This column was originally published with a different title. It has been changed to better reflect the views expressed in the column.
The media has a tendency to depict politicians as villains, and I don’t mind it: it makes for a good show and some people were born for the role.
What frustrates me when I watch Western coverage of Russia is how they make Putin into the wrong kind of villain. He often gets portrayed a sociopathic genius seemingly driven by lust for power and chaos. But instead, I think he bears similarity to Magneto: having started with understandable values and noble goals, he saw them crushed by humanity’s cynicism and, powered by his fear and rage, he descended into committing horrible crimes.
What follows is a system of views that, when coupled together with some of the decisions the U.S. has made in the past decades, explains great many things about Putin and Russia’s foreign policy. Like any narrative it is false by virtue of its simplicity but I think it gets a great deal right about not just the views of Mr. Putin but many of my compatriots.
First, even though our world is more peaceful today than it has ever been, the possibility of total war still looms in the background, and it is careless to forget even for a second about the warheads stashed in everyone’s basement. Security comes before economy, safety before happiness.
Secondly, just like a state with a single dictator, a world with a single all-deciding power is a world incapable of rational decisions, eventually bound to end in a catastrophe. Thus, it is paramount for multiple powers to provide checks for each other, and it is Russia’s destiny to be one of these powers.
Now, imagine being a Russian president holding these two views, and through the lens of them take a look at U.S. foreign policy over the past couple of decades. The first thing you are going to notice is NATO playfully tickling your war paranoia by slowly crawling eastward. Latvia. Poland. Bulgaria. It’s not just agreements; physical bases get built and personnel hired, inching closer to your border year by year. Estonia. Slovenia. Albania. In 1990, in the wake of the collapse of Berlin Wall, an informal promise was made to Mikhail Gorbachev by General Secretary Manfred Wörner that NATO was not going to move a mile further east. The failure to deliver on this promise is one of Putin’s biggest grievances, one that keeps coming up in his speeches almost 30 years after the fact.
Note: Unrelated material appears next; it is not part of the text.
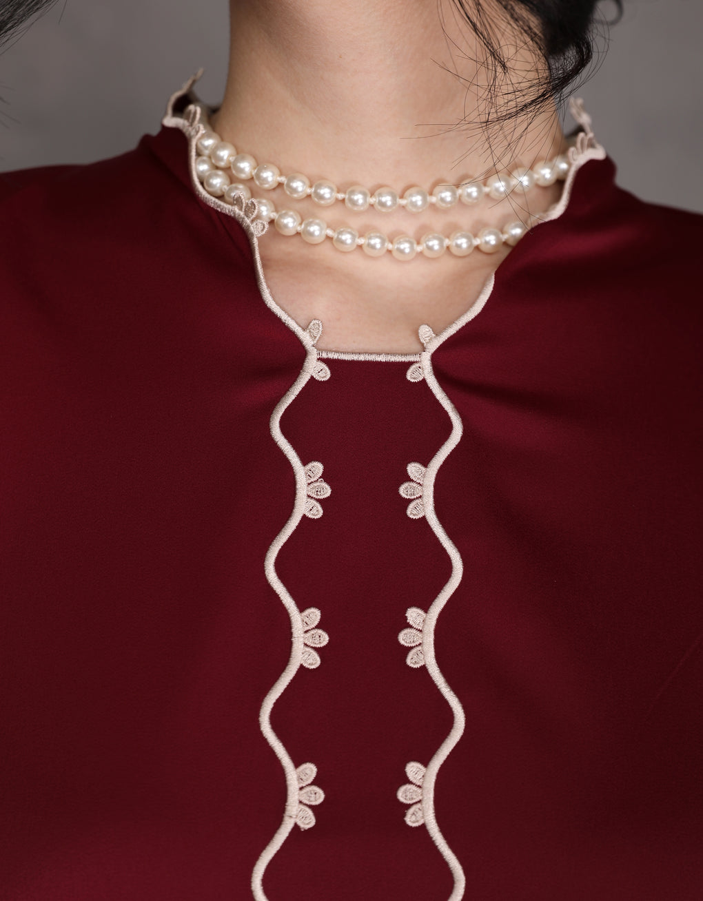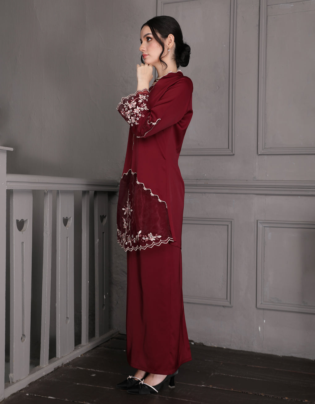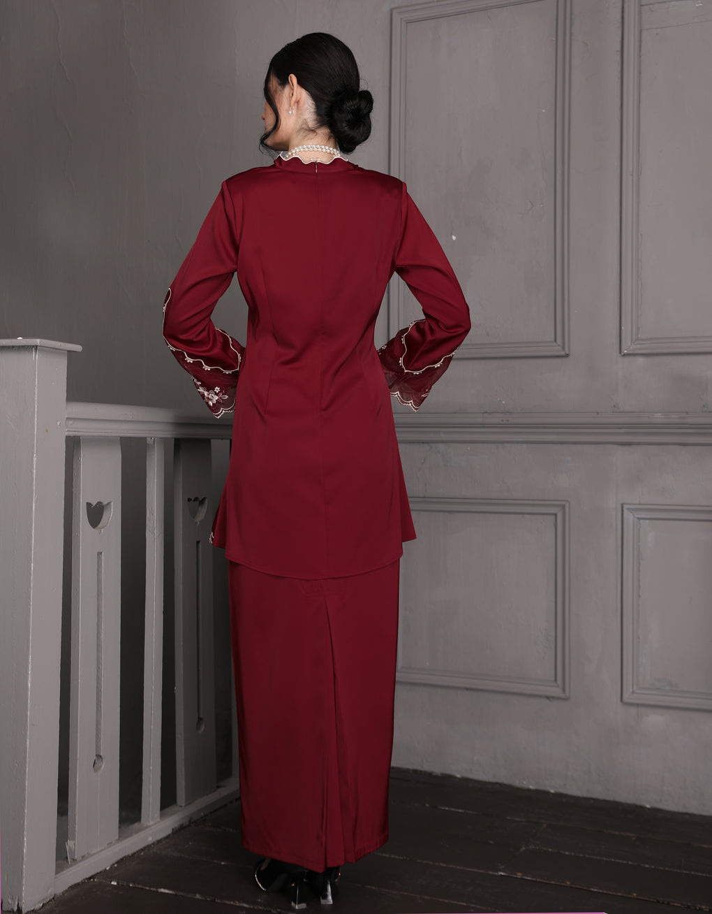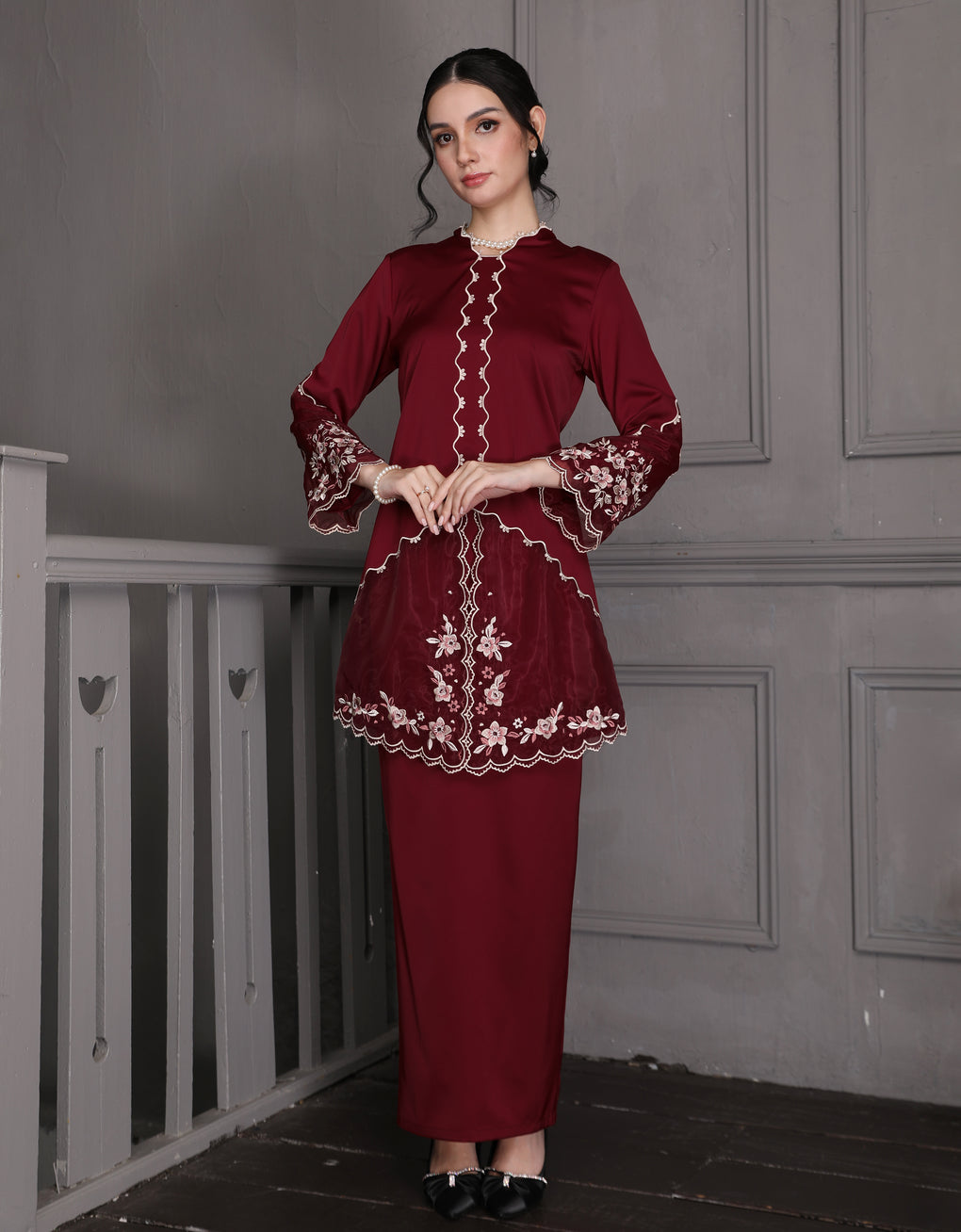 The 'Baju Kebaya Moden Lizy' is crafted from Italian Silky Satin with a scalloped neckline and detailed Embroidered Organza on the sleeves and hem. Elegant and refined—perfect for festive or formal occasions.

The second thing you would see is how unipolar the world has become after the collapse of Soviet Union. Time after time, NATO, and primarily the U.S., is able to interfere with the affairs of other countries with pretty much no accountability to the international community. Although the cleanest example of this would be Iraq, the bombings in Yugoslavia are also worth a mention. Due to its geographical and cultural proximity, the conflict in Kosovo, rarely remembered here in U.S., is still very vivid in the memory of my compatriots and has probably wounded Putin deeper than any other international crisis. Annexing Crimea, in his eyes, is then an act of retaliation, and the economic sanctions the evidence of double standards.
Year after year, NATO grew ever larger and the list of U.S. military operations longer. Putin’s fears were played out and grievances magnified. As a result, his actions have become progressively more irrational and ruthless. It used to be that backchanneling and bargaining were the main instruments in steering Ukraine away from the Western block, but when 2014 came around Putin was too cynical to tiptoe around international law so often ignored by the Western “colleagues.” Having initially viewed the West as partners with similar goals and values, by 2016 he saw only enemies at world summits, and I suspect he did not hesitate for a minute before making the decision to run an extensive election-interference campaign in the U.S.
What is even more scary is that, through some stroke of unbelievable luck, both of these wildly risky endeavours (Crimea and election interference) turned out successful, at least in the short run, thus teaching Putin that the cynical and radical response is the way to go.
I disagree with the system of views I have laid out in this column, or rather I believe that the time when they were right is long gone. But I sure can empathize with my president, imagining the rage and disappointment he must have suffered through as his opponents kept poking at his deepest wounds and manufacturing ghosts from his worst nightmares. He is a villain I can understand, which is not something I can say about his U.S. counterpart.